# AM Hardtail eines "bekannten" Youtubers



## Archie4Strings (19. Juli 2019)

Moin!
Ich bin vor einiger Zeit auf Youtube auf den Kanal von "Radde fährt Rad" gestoßen der heizt sehr ordentlich die Trails runter und das in Teilen auch mit einem Hardtail von Conway. 
So im Video sieht die Geometrie von dem Hardtail auch recht abfahrtslastig aus. Auf der HP von Conyway konnte ich jedoch nur XC/Marathon-Hardtails finden. Weiß von euch hier jemand mehr über abfahrtslastigere Hardtails, die Conway in den letzten Jahre gebaut hat?

Hier mal der youtube-Link:





Danke schon einmal!


----------



## Roudy-Radler (19. Juli 2019)

https://lmgtfy.com/?q=conway+trail+hardtail&s=g 

oder









						CONWAY "WME MT 929" 29" 22-sp MOD.18
					

CONWAY "WME MT 929" 29" 22-sp MOD.18




					fahrradtopshop.de


----------



## MTB-News.de




----------



## Heiko_Herbsleb (19. Juli 2019)

Gab es als MT 627 (629), MT 827 (829) oder MT 927 (929).

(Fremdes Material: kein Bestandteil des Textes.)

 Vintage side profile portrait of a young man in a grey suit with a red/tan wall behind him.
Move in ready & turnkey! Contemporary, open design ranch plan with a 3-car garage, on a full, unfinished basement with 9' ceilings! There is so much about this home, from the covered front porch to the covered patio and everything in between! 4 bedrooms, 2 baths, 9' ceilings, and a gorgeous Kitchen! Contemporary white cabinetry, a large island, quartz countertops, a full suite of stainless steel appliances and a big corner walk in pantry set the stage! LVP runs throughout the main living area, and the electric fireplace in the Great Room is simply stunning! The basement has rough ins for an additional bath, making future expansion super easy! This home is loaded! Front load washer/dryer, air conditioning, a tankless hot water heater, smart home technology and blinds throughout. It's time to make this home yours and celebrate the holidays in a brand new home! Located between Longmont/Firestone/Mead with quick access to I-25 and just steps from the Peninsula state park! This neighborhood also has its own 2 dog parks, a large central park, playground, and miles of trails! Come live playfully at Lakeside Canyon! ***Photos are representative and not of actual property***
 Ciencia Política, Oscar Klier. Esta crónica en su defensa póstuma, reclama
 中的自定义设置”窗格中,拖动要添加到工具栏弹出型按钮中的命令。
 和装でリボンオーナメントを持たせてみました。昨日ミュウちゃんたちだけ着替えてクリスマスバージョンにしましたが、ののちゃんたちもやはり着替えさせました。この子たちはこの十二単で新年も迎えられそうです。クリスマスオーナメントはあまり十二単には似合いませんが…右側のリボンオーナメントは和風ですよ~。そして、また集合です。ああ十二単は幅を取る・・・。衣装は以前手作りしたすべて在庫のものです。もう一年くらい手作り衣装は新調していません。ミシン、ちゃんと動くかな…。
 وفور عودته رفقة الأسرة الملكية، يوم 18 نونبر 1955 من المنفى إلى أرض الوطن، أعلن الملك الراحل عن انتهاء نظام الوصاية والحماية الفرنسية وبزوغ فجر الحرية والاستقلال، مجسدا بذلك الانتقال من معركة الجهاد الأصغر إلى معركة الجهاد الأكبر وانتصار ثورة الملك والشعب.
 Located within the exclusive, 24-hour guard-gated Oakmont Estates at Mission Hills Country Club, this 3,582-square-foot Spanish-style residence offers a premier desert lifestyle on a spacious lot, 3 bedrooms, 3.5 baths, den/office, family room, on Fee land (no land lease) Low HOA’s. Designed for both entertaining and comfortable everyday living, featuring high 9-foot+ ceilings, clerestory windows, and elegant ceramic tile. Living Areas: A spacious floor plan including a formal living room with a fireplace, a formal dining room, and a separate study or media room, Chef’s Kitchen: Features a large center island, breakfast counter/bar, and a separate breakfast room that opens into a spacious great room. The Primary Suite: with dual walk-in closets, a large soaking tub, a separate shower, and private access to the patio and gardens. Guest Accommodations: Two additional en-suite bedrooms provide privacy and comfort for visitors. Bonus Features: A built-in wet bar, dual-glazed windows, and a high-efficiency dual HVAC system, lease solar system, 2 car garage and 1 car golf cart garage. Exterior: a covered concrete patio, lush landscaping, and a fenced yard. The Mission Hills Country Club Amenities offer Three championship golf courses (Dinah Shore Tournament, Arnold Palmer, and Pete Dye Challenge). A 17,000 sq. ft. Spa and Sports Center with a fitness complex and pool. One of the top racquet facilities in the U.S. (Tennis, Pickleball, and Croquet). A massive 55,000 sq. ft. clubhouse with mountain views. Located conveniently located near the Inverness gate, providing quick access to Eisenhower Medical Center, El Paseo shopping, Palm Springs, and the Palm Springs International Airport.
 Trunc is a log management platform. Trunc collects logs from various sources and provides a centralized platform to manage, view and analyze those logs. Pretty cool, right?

Viele sind nicht mehr lieferbar. Einige Ausstattungen schon.
Rahmen hingegen sind durchaus noch einige lieferbar ...
Suchst Du ein ganz bestimmtes?

Ja, und diese MT waren wohl 2 Jahre im Programm.
Übrigens laufen die unter "We Make Enduro". 
Eben nicht nur die Fully mit denen WME bekannt wurde.


----------



## JSRacing (8. August 2019)

Ich bin auch auf dieses Bike aufmerksam geworden durch Youtube.
Die Rahmen sind doch gleich bei 627-827 und 927 oder?
Ich nehme mal an das es nur die Ausstattungskomponennten waren die sich änderten oder?

Grüße


----------



## Heiko_Herbsleb (8. August 2019)

Ja. Nur wenn halt eine 27,5" Gabel eingebaut ist paßt dann vorn womöglich eben kein 29".
Ich habe mir eins mit 3x9 (reicht mir) aufgebaut.
Statt Kurbel für Boostrahmen eine für "althergebracht". Da paßt dann gerade so eine mit 40 KB.


----------



## JSRacing (9. August 2019)

Ich muss nochmal kurz nachhaken, also die Rahmen sind immer gleich entweder 27,5+ oder eben 29 Zoll Räder reinstecken! oder gibt es auch 27,5 zoll Rahmen?

Grüße Julian


----------



## Seebl (9. August 2019)

So nebenbei: Trail-Hardtails, die kein bekannter YouTuber nutzt, funktionieren auch ganz vorzüglich. Aber es wird schon einen Grund haben, warum Conway sponsort...


----------



## Radde (8. September 2019)

Bisschen spät gesehen den Thread..



JSRacing schrieb:


> ...oder gibt es auch 27,5 zoll Rahmen?



Nope, von Werk aus gab es die nur 27,5+ und 29, habe allerdings normale 27,5er reingehauen mit der Folge, dass es tiefer liegt ...bergauf pedalieren macht manchmal komische Geräusche aber fährt sich abwärts etwas besser.



Seebl schrieb:


> Trail-Hardtails, die kein bekannter YouTuber nutzt, funktionieren auch ganz vorzüglich.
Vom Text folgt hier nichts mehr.